Jak poinformowało TVN24, do prokuratury wpłynęło zawiadomienie o możliwości popełnienia tzw. zbrodni VAT przez prezesa Polskiego Komitetu Olimpijskiego Radosława Piesiewicza. Ustalenia te potwierdził już rzecznik prokuratury krajowej Przemysław Nowak.
Podstawą zawiadomienia jest kontrola przeprowadzona przez Krajową Administrację Skarbową zarówno z PKOl, jak i w Polskim Związku Koszykówki, w którym to Piesiewicz do niedawna także pełnił funkcję prezesa. Aktualnie w Departamencie do Spraw Przestępczości Gospodarczej trwa analiza dokumentów zgromadzonych i przekazanych przez KAS.
PKOl atakuje ministra sportu
W związku z doniesieniami PKOl wydało oficjalne oświadczenie. Zdecydowanie zaprzeczamy, że w Polskim Komitecie Olimpijskim miały miejsce okoliczności przedstawione przez TVN24.pl polegające na posługiwaniu się pustymi fakturami VAT, czy procederze »prania brudnych pieniędzy«” – czytamy.
„Jesteśmy zaskoczeni przedstawionym przedmiotem złożonego zawiadomienia, gdyż opisane rozrachunki opisanymi instytucjami nigdy nie były przedmiotem zainteresowania Krajowej Administracji Skarbowej podczas kontroli w PKOl” – napisano.
W tym samym oświadczeniu pojawił się atak w kierunku ministra sportu Sławomira Nitrasa. „Z przykrością zauważamy, że ta informacja wpisuje się w wielomiesięczną retorykę inicjowaną przez Sławomira Nitrasa i jest szeroko zorganizowaną próbą dyskredytacji wizerunku Polskiego Komitetu Olimpijskiego oraz Prezesa Radosława Piesiewicza, mającą na celu polityczne wpływanie na działalność Polskiego Komitetu Olimpijskiego” – stwierdził PKOl.
Stanowcza odpowiedź Nitrasa
Na te słowa w czwartek Nitras odpowiedział osobiście. – Nie poddam się emocjom, nie będę oddawał jakichś razów panu Piesiewiczowi. Na pewno skorzystam z pomocy prawnika, bo te zarzuty, które on kieruje pod moim adresem, że ja jakoby mam wpływ na decyzję administracji skarbowej, to jest po prostu kłamstwo – stwierdził minister.

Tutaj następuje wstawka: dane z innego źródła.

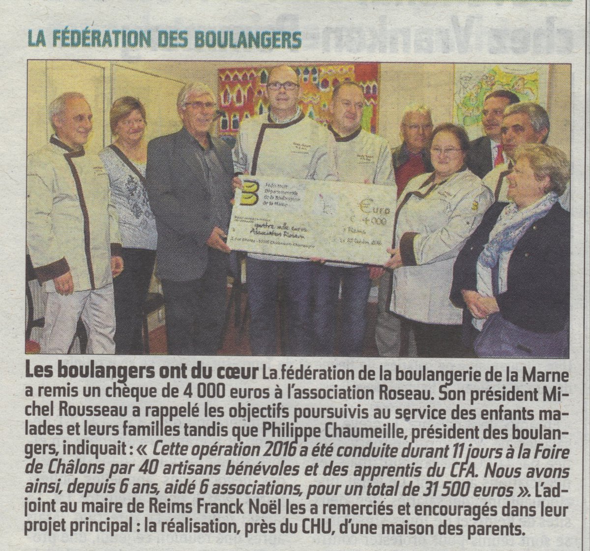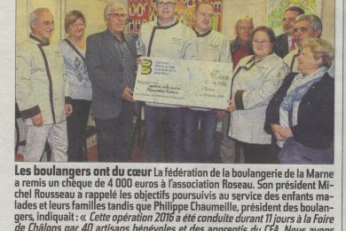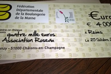 Depuis plusieurs années, la Fédération de la Boulangerie de la Marne participe à la Foire de Chalons en Champagne pour mettre en avant son savoir faire et vendre les produits fabriqués sur le stand au profit d'une association. Cette année, la boulangerie artisanale a travaillé au profit de l’association « ROSEAU » qui aide les enfants atteints d'une leucémie ou d'un autre cancer. Le mardi 25 octobre dernier, la Fédération de la Boulangerie a remis un chèque de 4.000 euros aux dirigeants de cette association afin de concrétiser leur projet principal : la réalisation, près du CHU, d’une maison des parents.
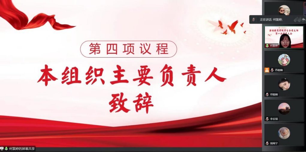 学生会执行主席苏晓楠为本次大会致辞。她对以往工作进行总结汇报,并对支部委员会提出以下要求:一是充分发挥青年先锋队和党的后备军作用,打造学习型团支部队伍,切实提升组织引领、服务青年的能力;二是坚持守正创新,开展有益于青年发展的特色活动;三是切实关注青年的需要,密切联系青年群众,秉承奉献精神,增强服务意识,真正做到为同学服务。
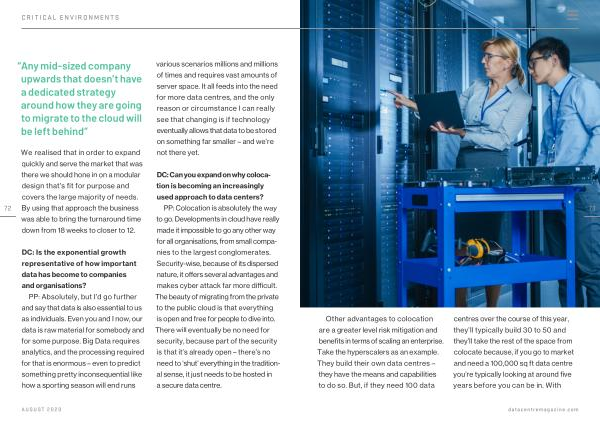 PP : Absolutely , but I ’ d go further and say that data is also essential to us as individuals . Even you and I now , our data is raw material for somebody and for some purpose . Big Data requires analytics , and the processing required for that is enormous – even to predict something pretty inconsequential like how a sporting season will end runs various scenarios millions and millions of times and requires vast amounts of server space . It all feeds into the need for more data centres , and the only reason or circumstance I can really see that changing is if technology eventually allows that data to be stored on something far smaller – and we ’ re not there yet .
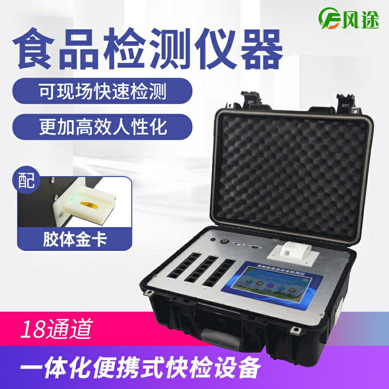 風途多功能食品安全檢測儀可現場快速檢測非食用化學物質、濫用食品添加劑、農藥殘留、獸藥殘留、重金屬、抗生素類殘留、激素類殘留、毒素類殘留、化學類殘留等200多項目的快速定性定量檢測。如甲醛、二氧化硫、吊白塊、過氧化氫、亞硝酸鹽、蛋白質、蜂蜜果糖和葡萄糖、蜂蜜中蔗糖、過氧化值、酸價、白酒中的雜醇油、鉛、汞砷、錫、鎘、硼砂、苯甲酸鈉、甜蜜素、木耳中硫酸鎂、芝麻油純度、油脂丙二醛、溴酸鉀、余氯、谷氨酸鈉、揮發性鹽基氮、山梨酸、糖精鈉、飲料中維C、醬油氨基酸態氮、肉制品酸價、水中氰化物、水發產品中組胺、蜂蜜定粉酶、蜂蜜酸度、羅丹明B、三聚氰胺、鹽酸克倫特羅、沙丁胺醇、萊克多巴胺、四環素類、硝基呋喃類、磺胺類、沙星類、氯霉素、孔雀石綠磺胺類等快速檢測。
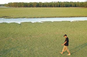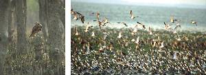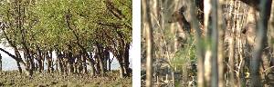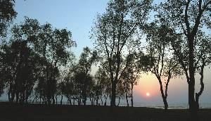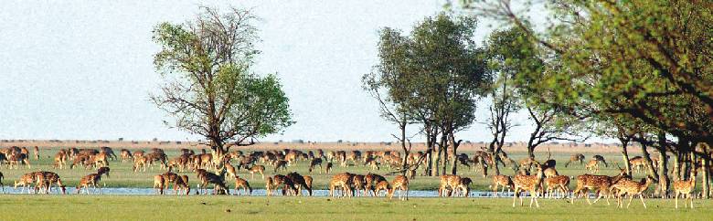 As we turned back, a bright yellow flashed past our eyes -- a pair of hoopoe birds. They landed behind a bush, we approached cautiously with our camera held ready. Slowly we peeked over the bush and found them picking food on the ground. As our camera clicked and the motor rolled, they became aware of us and instantly spread their crest in a show of anger. Then they flew off. We came back to the boat, satisfied; and the journey began. Canals after canals we left behind, it all looked so similar to the Sundarbans, the same kewra and gewa trees, the same breathing roots, the same kind of canals and the beacon of the deer herds. Of course, the tiger was missing. Soon, the canals ended and we came upon the sea. We were left breathless by the beauty of the place, on one side of the sea was the forest -- tall trees frilling the shore that had sharply angled away like the end of a hairpin. On the other side was the open sea, a few fishing trawlers bobbing on the gentle wave. The slanting sun spread a golden ray on the sea gulls cackling in low flights. We moored and went ashore. We walked slowly through the forest for about half an hour to come to the edge of the woodland. In front of us awaited an amazing scene. A huge green field as smooth as a carpet rolled out ahead of us, I have never seen a field as large and green as this one before. On one side of the field was the sea where thousands of gulls were happily fishing. A beautiful stream, golden in its reflection of the sun, had divided the field in half, snaking onto the sea. By the stream were two trees standing tall, adding more loneliness to this lonely field. It all looked like a huge slab of malachite through which ran stream of diamond. At the end of the field started the forest again, and the sight here almost stopped our heart. What were those things there, brown and blurry in the distance? Khosru was the first to lift the binoculars to his eyes and whistled softly. "Deer," he murmured. "Thousands of them."
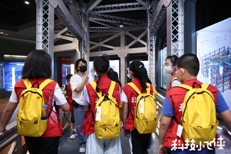 在展馆内,小飞侠们在两位老师的带领下接受研学任务,并跟随两位老师先后对钢结构历史、钢结构科技、钢结构设计、钢结构制造等版块进行学习,进一步认识钢结构建筑的历史发展,学习钢结构科技的相关知识,认识建筑结构与环境之间的关系,加深对钢结构领域相关知识的学习及研究。
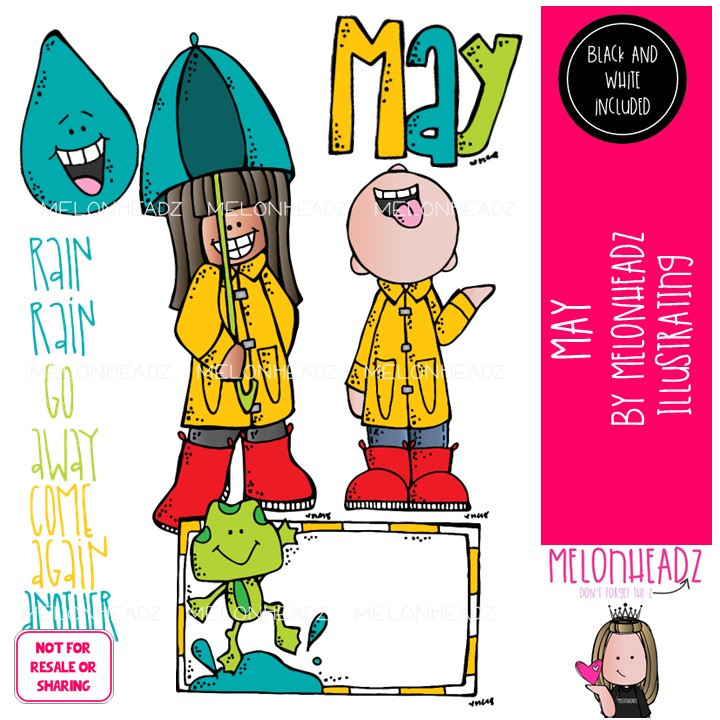 May clip art, Spring Rain clip art Mini: This illustrated set contains all of the clip art images as shown in the preview picture. COLORED and BLACK AND WHITE illustrations included.
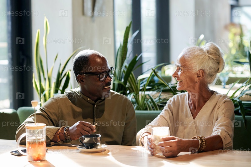 Старшая пара встречается в кафе
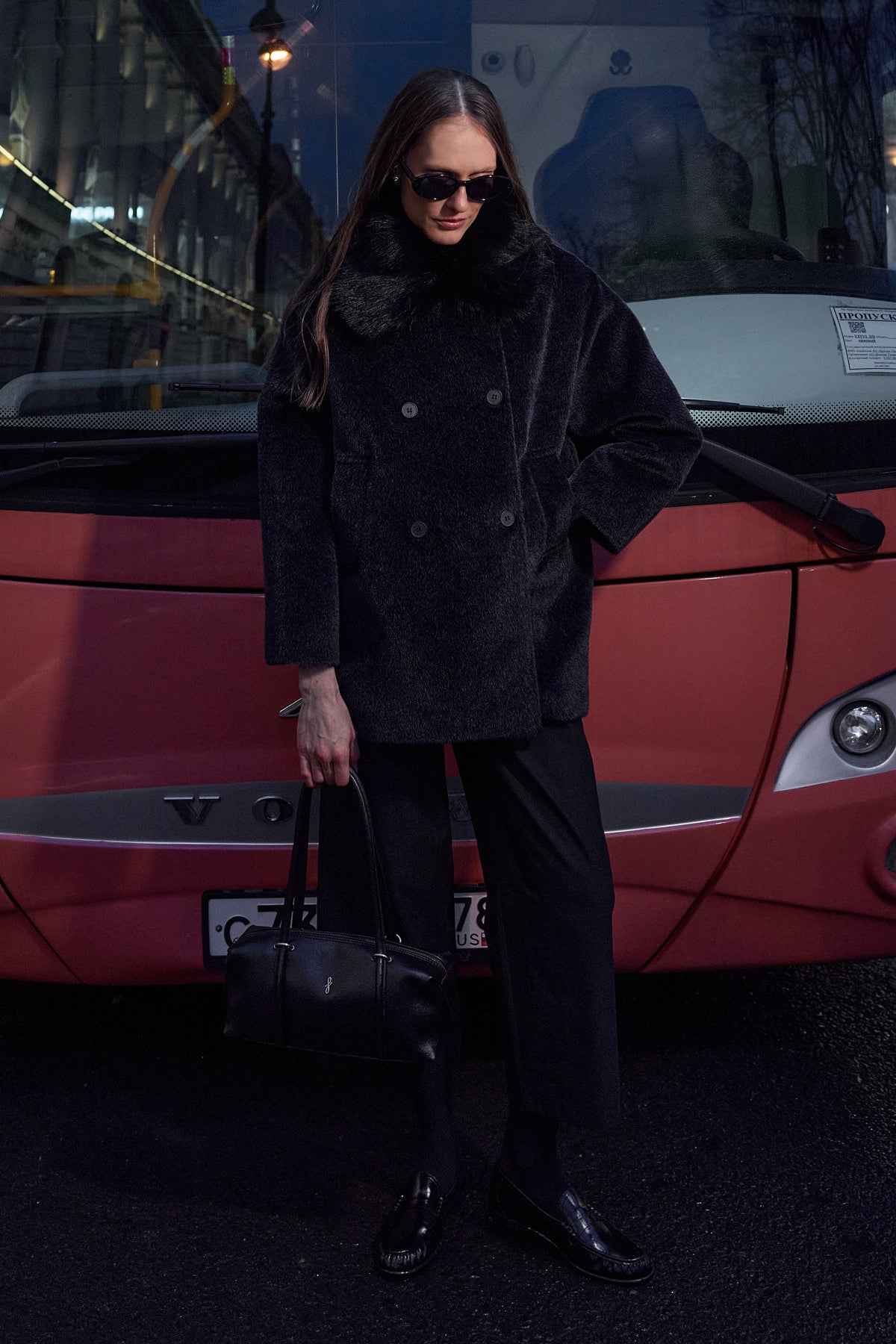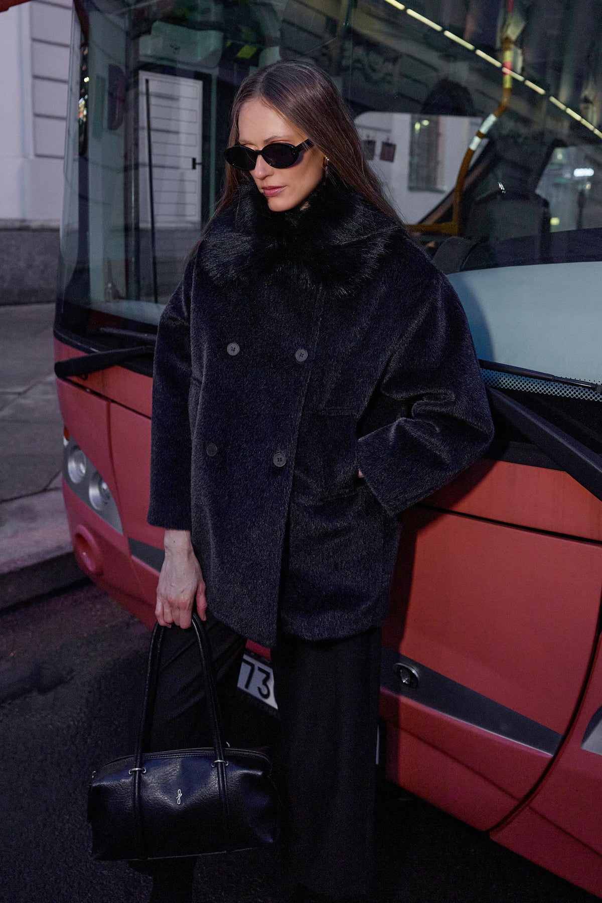 Çıkarılabilir Kürklü Bomb Kaban Siyah

Analogicznie szef resortu sportu odpowiedział na sugestię, że miał on jakikolwiek wpływ na działalność sponsorów, którzy się wycofywali. – Sponsorzy wycofywali się ze współpracy z PKOl ze względu na styl funkcjonowania pana prezesa. Ja nie mam z tym nic wspólnego – mówił.
– Panu Piesiewiczowi to jest bardzo wygodne, sprowadzanie wszystkiego do sporu między mną a nim. Ja nie mam jakiejś emocji osobistej w tej kwestii. Jestem urzędnikiem państwowym, robię to, co uważam za stosowne – stwierdził Nitras.